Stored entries
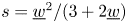 $s=\underline {w}^{2}/(3+2\underline {w})$ since
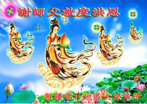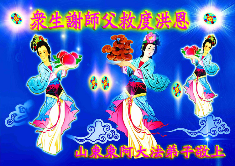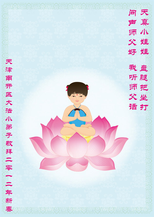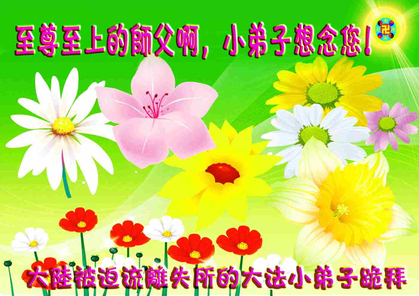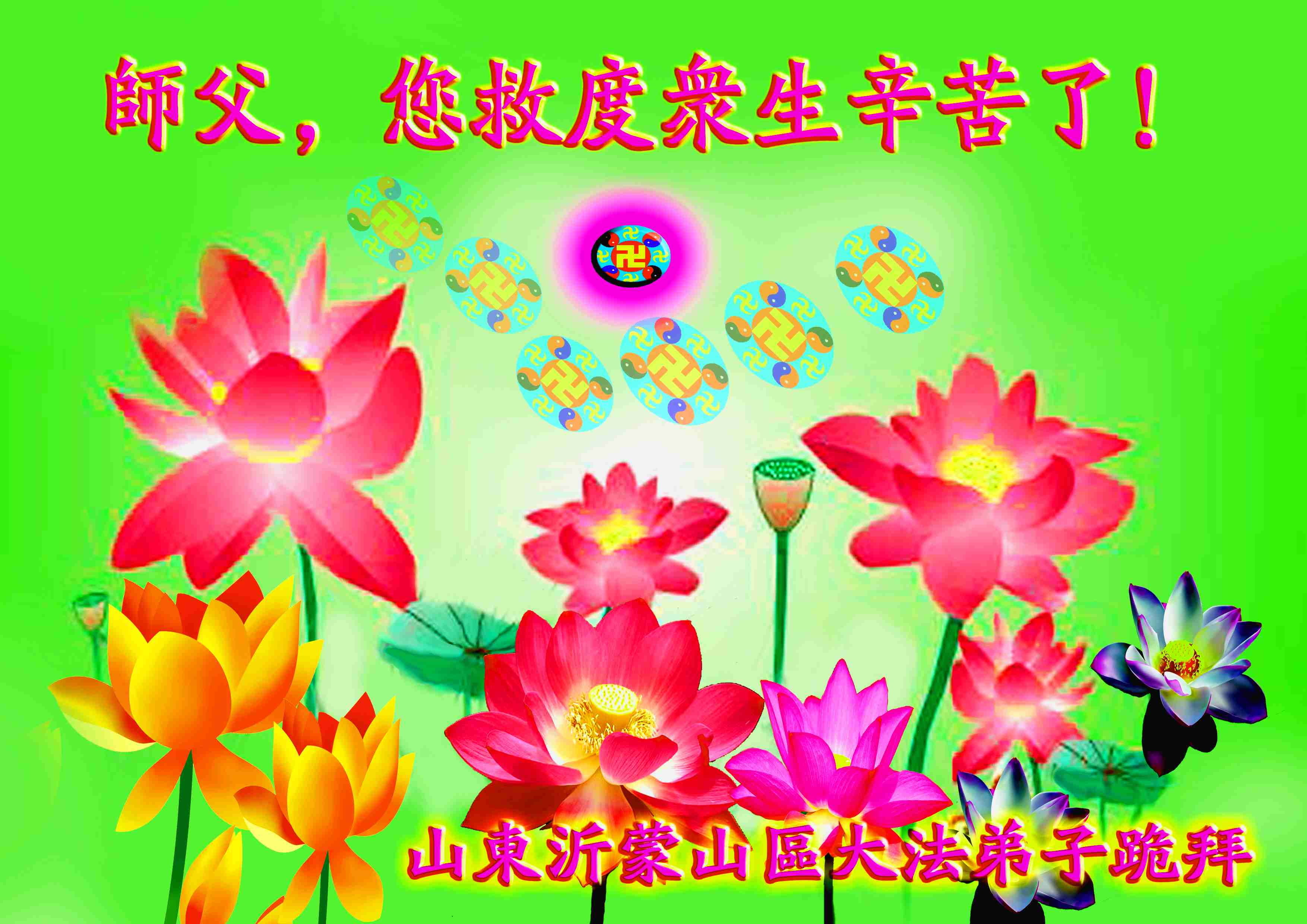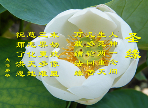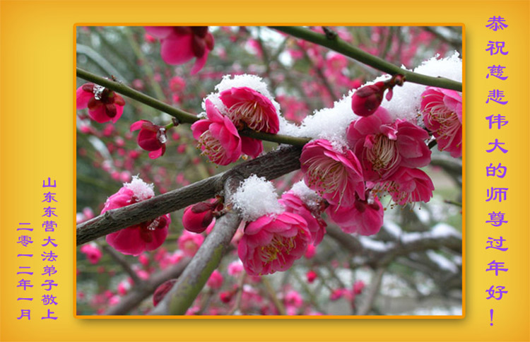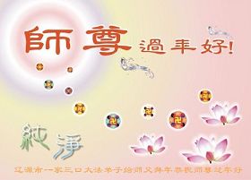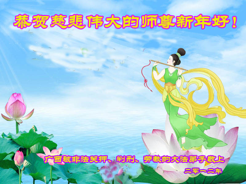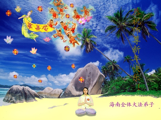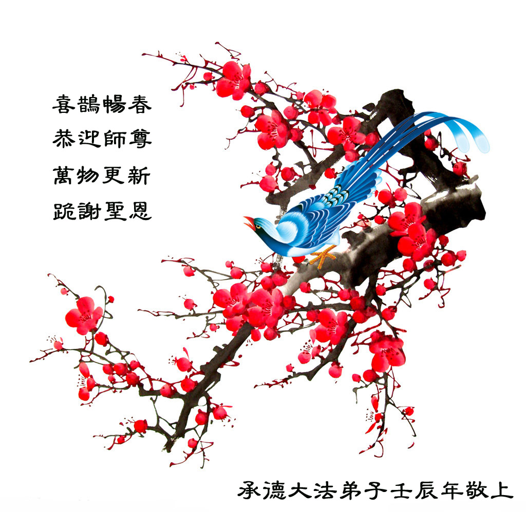 尊敬的师父好!师父辛苦了!您从地狱把弟子捞起洗净,给予弟子的,我千言万语都表达不尽对您的感恩。我在修炼的路上坎坎坷坷走到今天,我深知没有您的呵护,我就没有今天。我一定坚修大法到底跟师父一起回家,请师父放心。在新的一年里我一定勇猛精進,做好三件事。再次祝师父新年好!
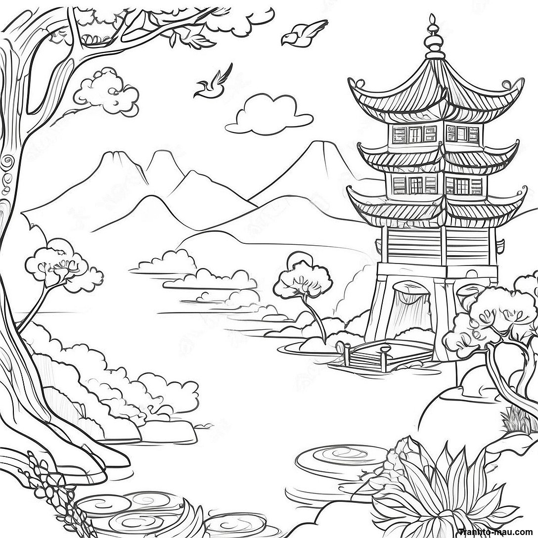 Tải xuống PDF có thể in của Trang Tô Màu Phong Cảnh Chinoiserie Tinh Xảo
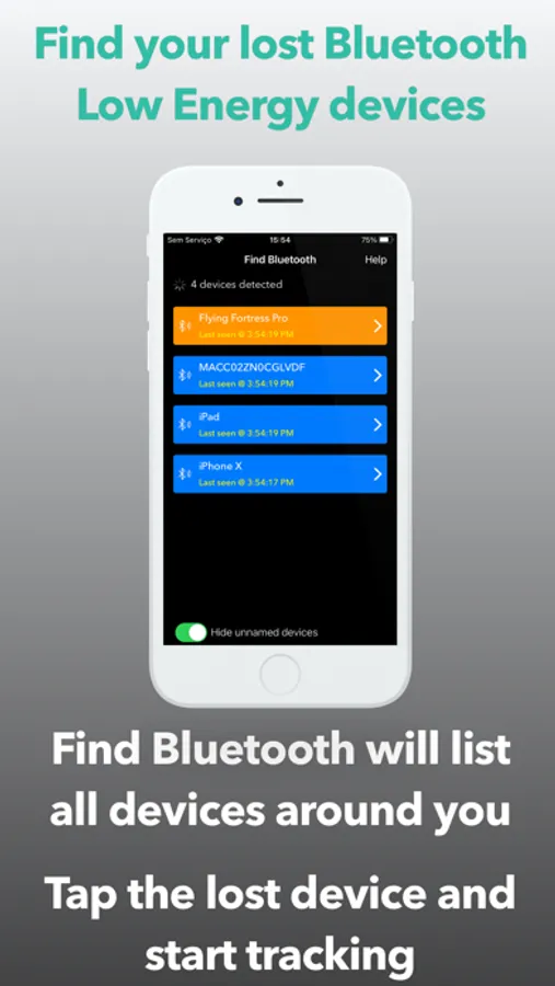 IMPORTANT: This app can find any Bluetooth Low Energy (aka Smart) device that is turned on and actively advertising.
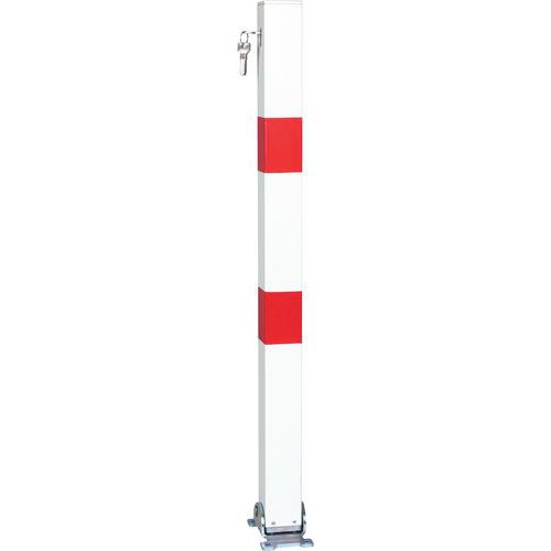 Paletto quadrato da fissare nel terreno per delimitare corsie di traffico, percorsi pedonali o parcheggi. Uso esterno possibile grazie alla sua zincatura. Buona visibilità grazie alle sue strisce catarifrangenti. Facile installazione. Certificato TÜV.
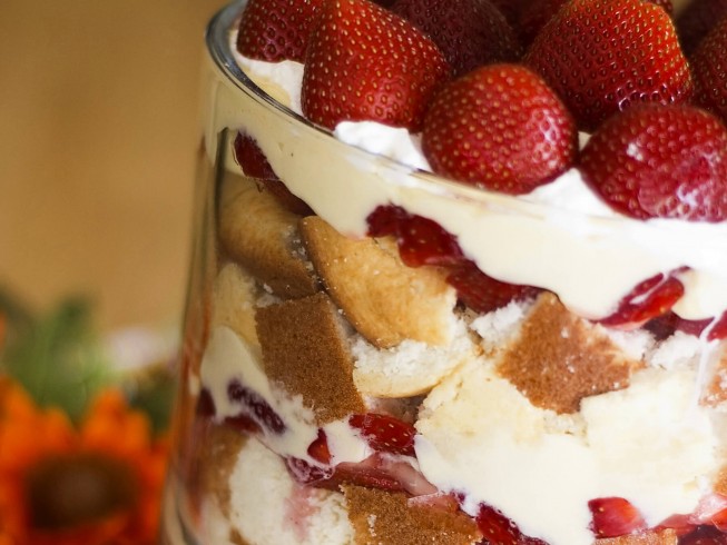 Glazed strawberries cover layers of fluffy whipped topping and airy angel food cake. Let it chill for a few hours before serving for best flavor.
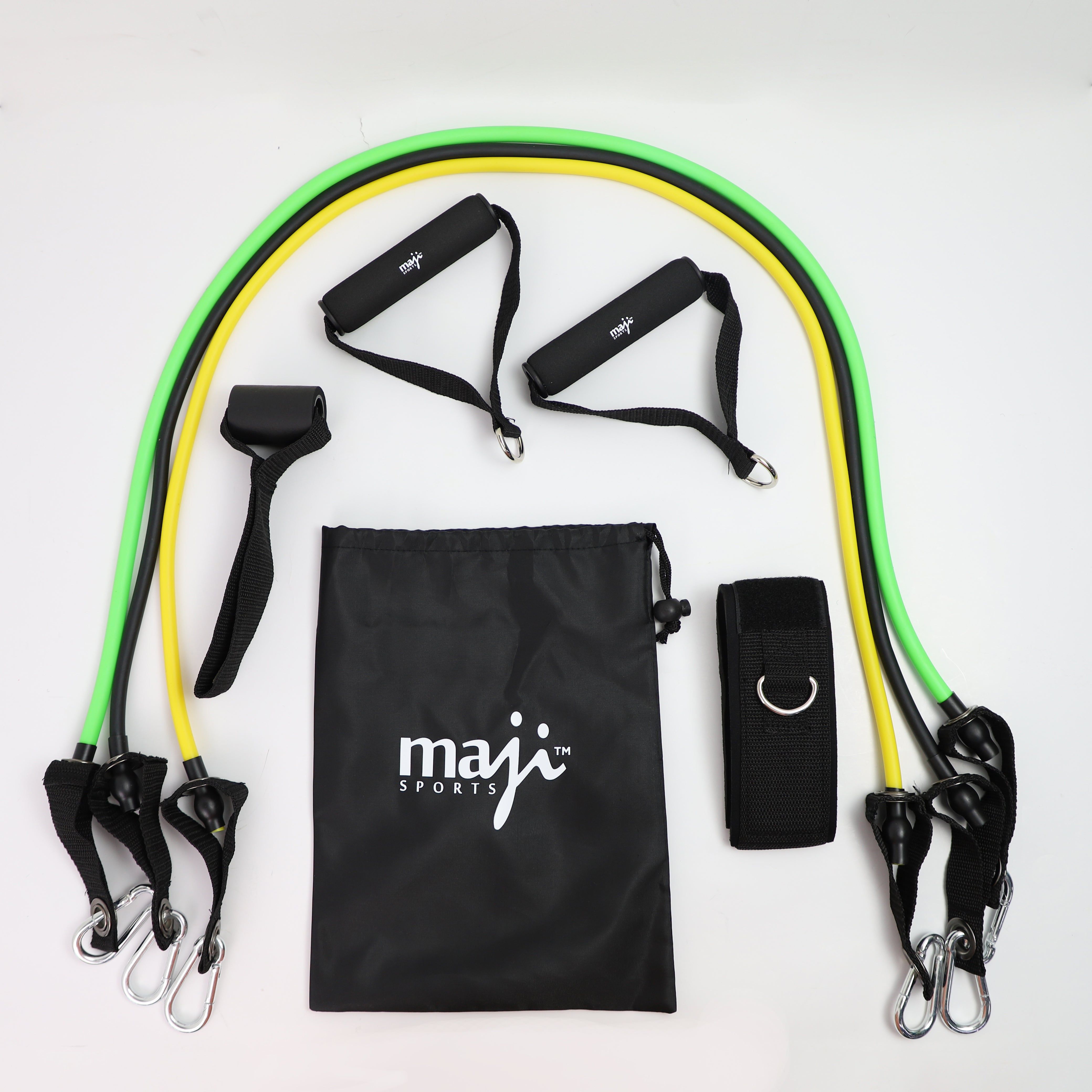 Introducing the FULL BODY STRENGTH & CORE BUNDLE, your ultimate fitness arsenal designed to sculpt, strengthen, and revitalize your body, whether at home or on the go. Meticulously crafted to target and tone your pecs, shoulders, biceps, triceps, abs, and legs, this three-piece set is the quintessential travel companion for fitness enthusiasts of all levels looking to enhance their health and wellness journey.First in the lineup is the revolutionary rotating push-up bar, a game-changer in upper-body workouts. With its smooth rotation mechanism, this bar reduces wrist strain while amplifying the engagement of your chest and arm muscles. Each push-up is transformed into a dynamic exercise that not only strengthens the muscles but also promotes joint health. The non-slip base ensures stability, allowing you to focus on form and maximize every rep.Elevate your core workouts with the sleek ab wheel, a potent tool designed for those who dare to challenge their abdominal wall. As you roll out and pull back, the wheel's sturdy construction and ergonomic handles provide the confidence to extend fully, engaging not just the abs but also the hip flexors and lower back. Its compact size belies its power, making it an easy addition to your luggage, ready to unleash a gut-busting workout wherever you find yourself.Completing this bundle is a set of three versatile resistance bands, each offering a different level of tension to accommodate your strength level and desired intensity. Whether you're doing a light warm-up or a high-resistance training session, these bands are the key to unlocking a full spectrum of exercises. They can intensify your squats, press your pecs, and isolate your biceps and triceps, offering a full-body workout that's both efficient and effective. Made from durable, skin-friendly materials, they're designed to endure the rigors of your most intense sessions.Together, the FULL BODY STRENGTH & CORE BUNDLE is more than just exercise equipment; it's a commitment to your health. Lightweight and portable, it empowers you to turn any space into a personal gym. Its versatility makes it ideal for HIIT, CrossFit, yoga, and Pilates enthusiasts alike.
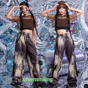 ダンス衣装 k-pop衣装 ヒップホップ インナー メッシュ 半袖トップス タイダイパンツへそ出し キッズ ガールズ セットアップ 派手 韓国 ステージ衣装 応援団
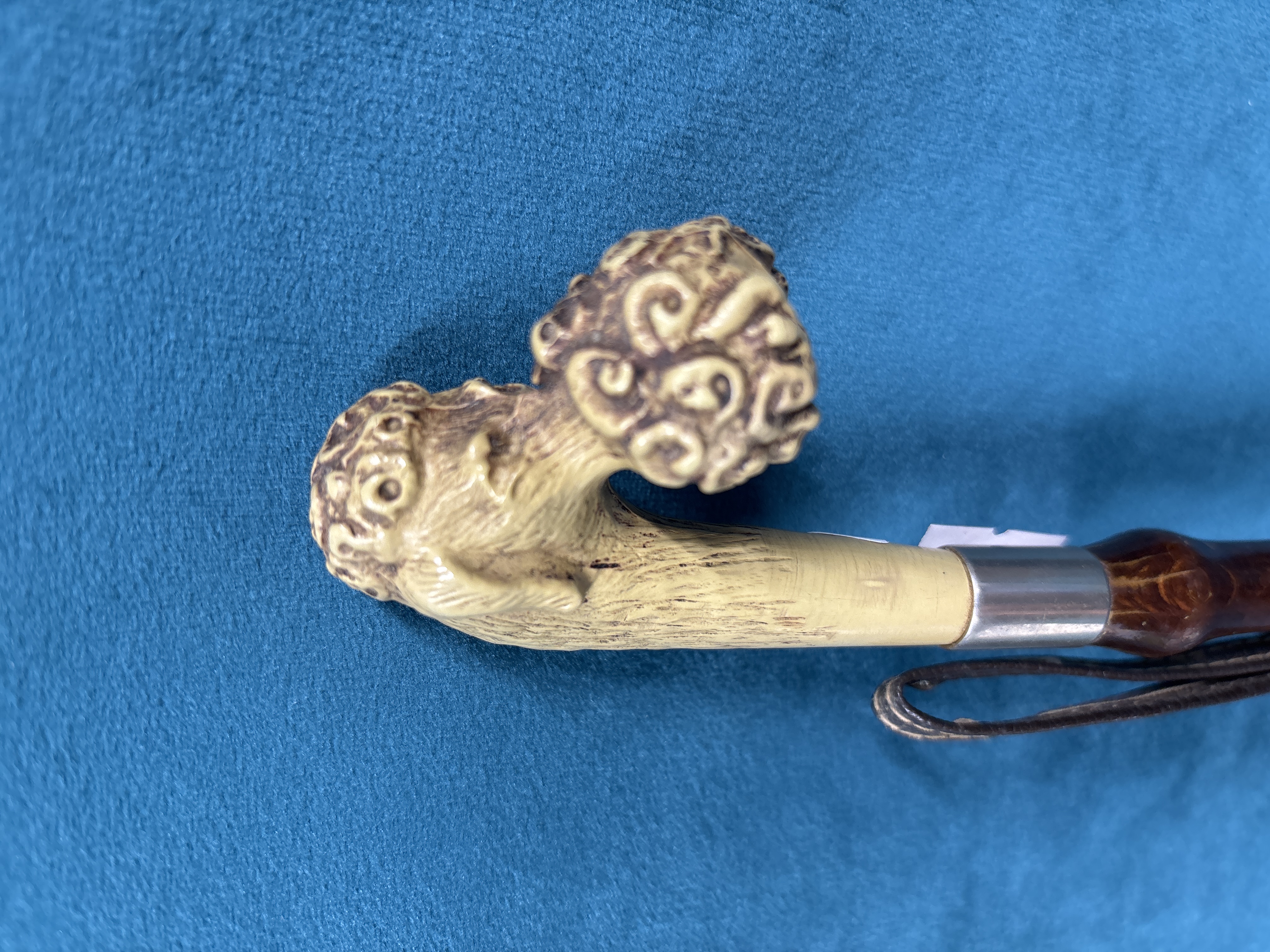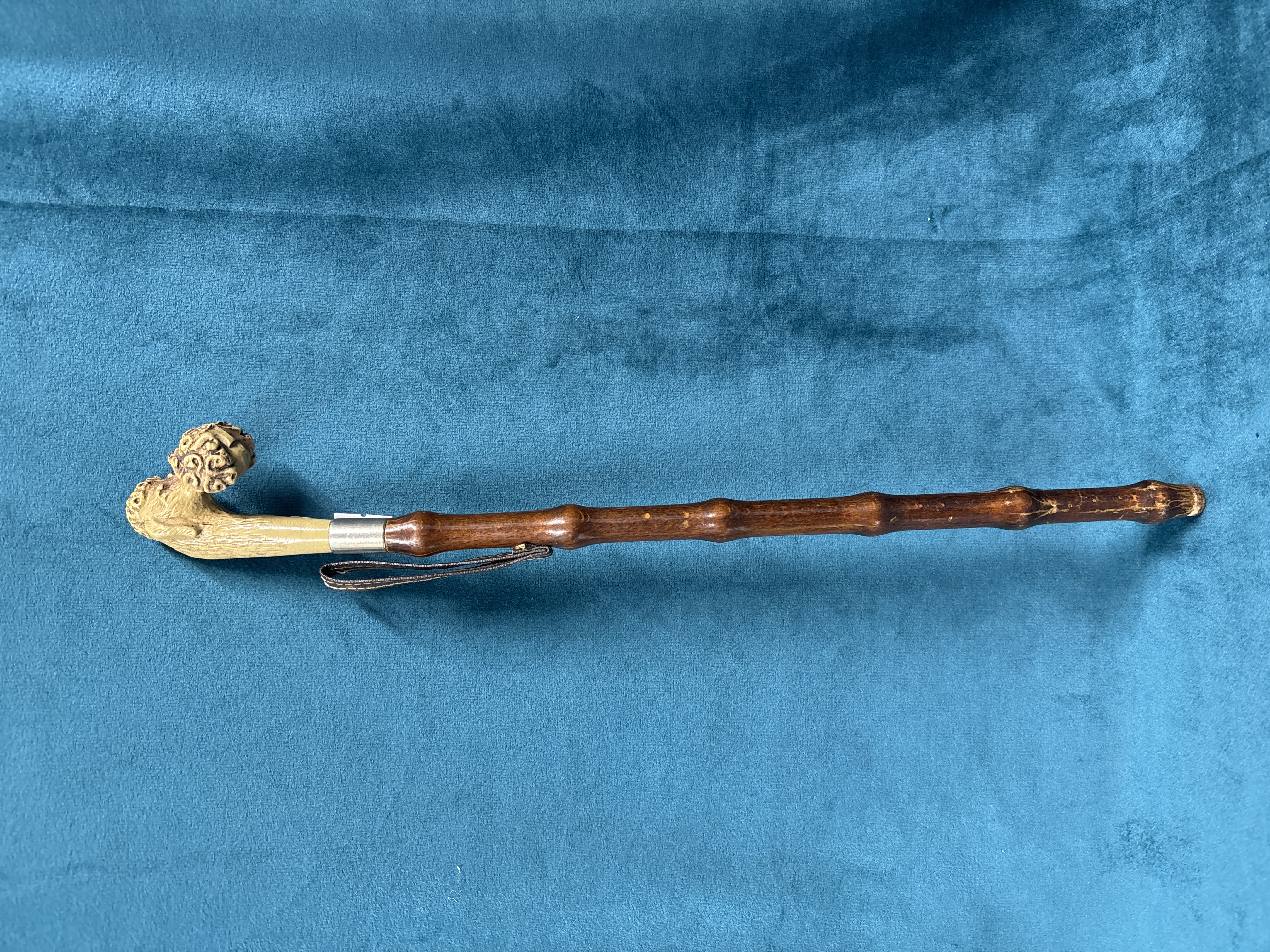 Wooden riding crop with carved dog head

### [AIM OF THE TASK]
The records above are to be restated word for word, excluding all pictures.

### [WRITTEN ANSWER]
 $s=\underline {w}^{2}/(3+2\underline {w})$ since
 尊敬的师父好!师父辛苦了!您从地狱把弟子捞起洗净,给予弟子的,我千言万语都表达不尽对您的感恩。我在修炼的路上坎坎坷坷走到今天,我深知没有您的呵护,我就没有今天。我一定坚修大法到底跟师父一起回家,请师父放心。在新的一年里我一定勇猛精進,做好三件事。再次祝师父新年好!
 Tải xuống PDF có thể in của Trang Tô Màu Phong Cảnh Chinoiserie Tinh Xảo
 IMPORTANT: This app can find any Bluetooth Low Energy (aka Smart) device that is turned on and actively advertising.
 Paletto quadrato da fissare nel terreno per delimitare corsie di traffico, percorsi pedonali o parcheggi. Uso esterno possibile grazie alla sua zincatura. Buona visibilità grazie alle sue strisce catarifrangenti. Facile installazione. Certificato TÜV.
 Glazed strawberries cover layers of fluffy whipped topping and airy angel food cake. Let it chill for a few hours before serving for best flavor.
 Introducing the FULL BODY STRENGTH & CORE BUNDLE, your ultimate fitness arsenal designed to sculpt, strengthen, and revitalize your body, whether at home or on the go. Meticulously crafted to target and tone your pecs, shoulders, biceps, triceps, abs, and legs, this three-piece set is the quintessential travel companion for fitness enthusiasts of all levels looking to enhance their health and wellness journey.First in the lineup is the revolutionary rotating push-up bar, a game-changer in upper-body workouts. With its smooth rotation mechanism, this bar reduces wrist strain while amplifying the engagement of your chest and arm muscles. Each push-up is transformed into a dynamic exercise that not only strengthens the muscles but also promotes joint health. The non-slip base ensures stability, allowing you to focus on form and maximize every rep.Elevate your core workouts with the sleek ab wheel, a potent tool designed for those who dare to challenge their abdominal wall. As you roll out and pull back, the wheel's sturdy construction and ergonomic handles provide the confidence to extend fully, engaging not just the abs but also the hip flexors and lower back. Its compact size belies its power, making it an easy addition to your luggage, ready to unleash a gut-busting workout wherever you find yourself.Completing this bundle is a set of three versatile resistance bands, each offering a different level of tension to accommodate your strength level and desired intensity. Whether you're doing a light warm-up or a high-resistance training session, these bands are the key to unlocking a full spectrum of exercises. They can intensify your squats, press your pecs, and isolate your biceps and triceps, offering a full-body workout that's both efficient and effective. Made from durable, skin-friendly materials, they're designed to endure the rigors of your most intense sessions.Together, the FULL BODY STRENGTH & CORE BUNDLE is more than just exercise equipment; it's a commitment to your health. Lightweight and portable, it empowers you to turn any space into a personal gym. Its versatility makes it ideal for HIIT, CrossFit, yoga, and Pilates enthusiasts alike.
 ダンス衣装 k-pop衣装 ヒップホップ インナー メッシュ 半袖トップス タイダイパンツへそ出し キッズ ガールズ セットアップ 派手 韓国 ステージ衣装 応援団
 Wooden riding crop with carved dog head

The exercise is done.